Kernel<<< grid, threads >>> ( nx, tend, f0);

//printf("Processing time: %f (ms)\n", cutGetTimerValue(timer));
ftime = cutGetTimerValue(timer);
ftime /= 1000.0; 
flops = pow(1.0*tend,2.0)*(2*16.0*nx*ny) / (1.0E9*ftime);
printf("Processing time: %f sec\n", ftime);
printf("GigaFlops: %f\n", flops);


You have too many local variables. I suppose that the part from them is placed in the device memory. Try to reduce amount of local variables and use shared memory.

Looks like you have much more than 10 registers, which is a must for 100% occupancy. Try using the CUDA profiler to check you occupancy. If it is 0.66, you have your answer.
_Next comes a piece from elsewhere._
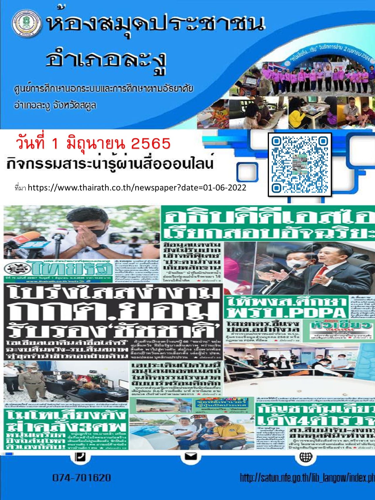 นางสาวทิตยสุดา จันทรเกษ บรรณารักษ์ ห้องสมุดประชาชนอำเภอละงู ได้รับมอบหมาย จาก นายมรกตกันหนองผือ ผู้อำนวยการศูนย์การศึกษานอกระบบและตามอัธยาศัยอำเภอละงู จัดกิจกรรมส่งเสริมการอ่านออนไลน์ อ่านก้าวทันโลก : เรื่อง ข่าวสารน่ารู้หนังสือพิมพ์ไทยรัฐวันที่ 1มิถุนายน 2565 เพื่อส่งเสริมการอ่านและการเรียนรู้ให้กับ เด็ก เยาวชน นักศึกษา กศน.และประชาชนทั่วไปได้ใช้เวลาว่างให้เกิดประโยชน์ ตลอดจนมีนิสัยรักการอ่านณ ห้องสมุดประชาชนอำเภอละงู
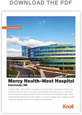 Acknowledging that a modular system was a definite aesthetic shift from the more traditional settings found elsewhere in its system, the Mercy Health team appreciated that the Knoll product solution expressed a permanence and visual appeal that they previously felt was only available in millwork, recalled Carol Crane, Vice President Healthcare and Higher Education for Knoll.

  • I reduced the amount of local variables
  • I shifted variables to shared memory

but I can not get more than 220 GFLOPS …

Is there a code snippet somewhere showing that it is possible to reach

Thank you for your help!

I’m not sure occupancy is the problem (above some minimum value, I’d guess a warp, more threads helps if you have to access global memory or you have read-after-write dependencies). How many threads do you have per block?

Also, putting variables into shared memory vs registers would slow things down a bit since now you have assembly instructions to load/store from shared mem.
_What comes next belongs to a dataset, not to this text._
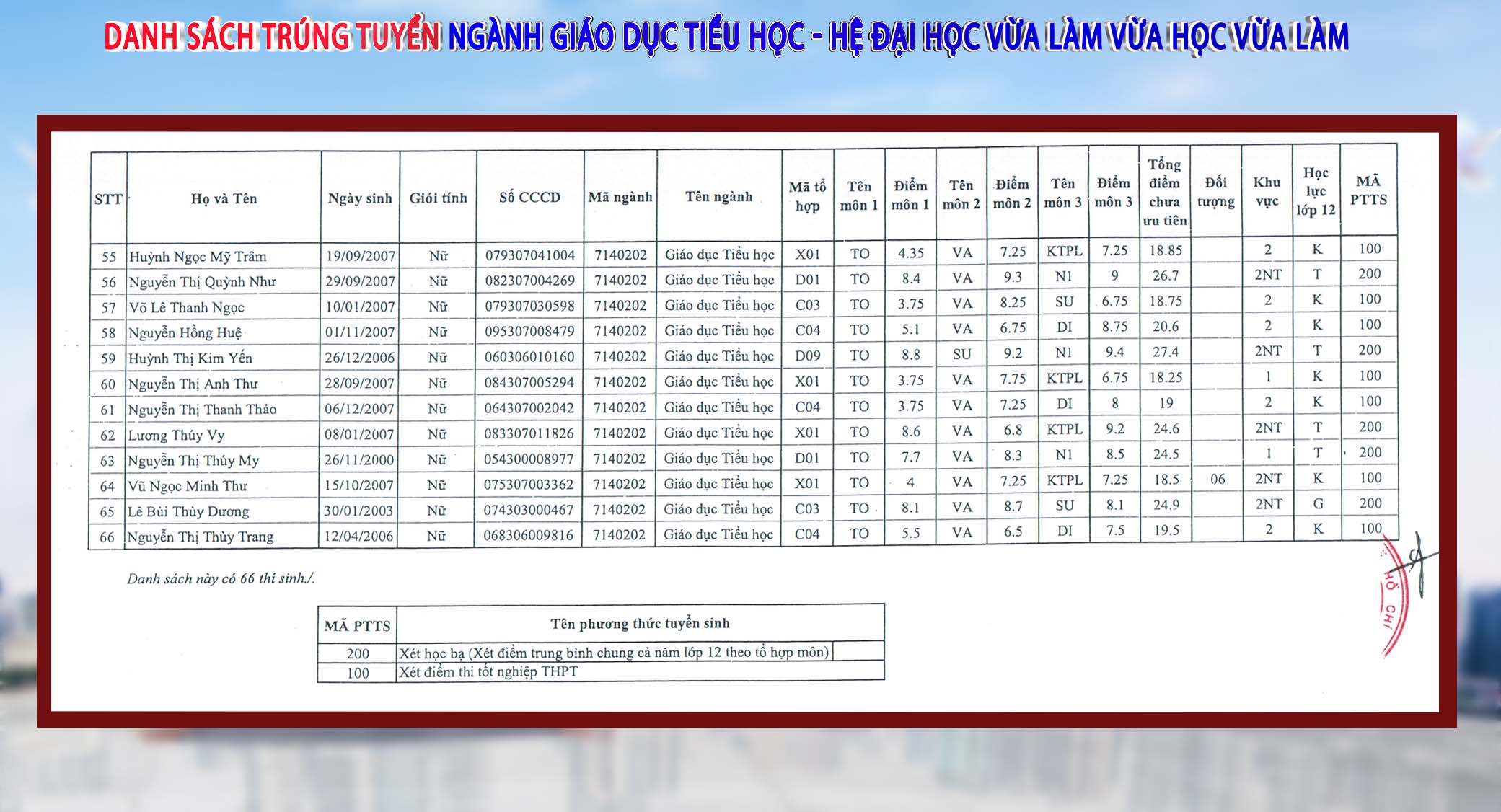 Danh sách thí sinh trúng tuyển ngành Giáo dục tiểu học hệ ĐH VHVL

I tried a lot of combinations

  • not shared memory at all and using 1/4/8 local variables
  • shared memory for local variables 8/16/32
  • number of threads ranging from 64/128/192/256

But it was not possible for me to surpass 220 GIGAFLOP …

Just to mention:
I Find CUDA fantastic and I have implemented Lattice-Boltzmann simulator (Fluid mechanis) on it. I can exlore the memory bandwidth up to 40GB/sec, which is a very good value resulting in incredible high update rates. But I want to computed some tables who give the exploitation of hardware in percent, where as basis I want to use achievable (not theoretical) values. For simple memory copy I was able to get 72 GB/sec, which is a good vaue. But with the peak perf. I think more should be possible …

when doing



Kernel<<< grid, threads >>> ( nx, tend, f0);


if (assuming) … does not call into the runtime, you start

the timer, before your very first call into the runtime.
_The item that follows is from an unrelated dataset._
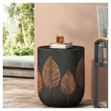 This cylindrical side table adds a sculptural accent to your outdoor setup with its matte black finish and carved leaf motif. Made from water-resistant stone and lightweight concrete, it’s easy to move and works well on patios, porches, or sunrooms. The round top offers plenty of space for drinks, books, or decorative items. Its earthy, boho-inspired design blends seamlessly with a variety of outdoor styles. Plus, it arrives fully assembled, so you can enjoy it right out of the box.

Since the runtime initializes itself when called, you’re timing a lot

of stuff you’re not interested in

try the cudaConfigureCall, cudaSetupArgument and cudaLaunch

routines and start the timer before the cudaLaunch.

For even better results, use the driver API in stead of the runtime API.

When I did my bandwidth testing benchmarks, I found that using the GPU time returned by the profiler is, in the case of smaller kernels, much shorter than the time recorded using the cutEndTimer - cutStartTimer. When timing my code I have a script that reads the values directly from the cuda_profiler.txt, and I kind of stopped using timers in the code. How about using those values, still 220GFlops ?

I know it’s about 2 1/2 years later, but do you still have the complete code you posted? If you do, could you e-mail it to me? I’m using a 320MB nVIDIA 8800GTS, and unless I’m counting FLOPS wrong, I’m stuck at about 4 GFLOPS. Your code might show me how to get past that. Thanks.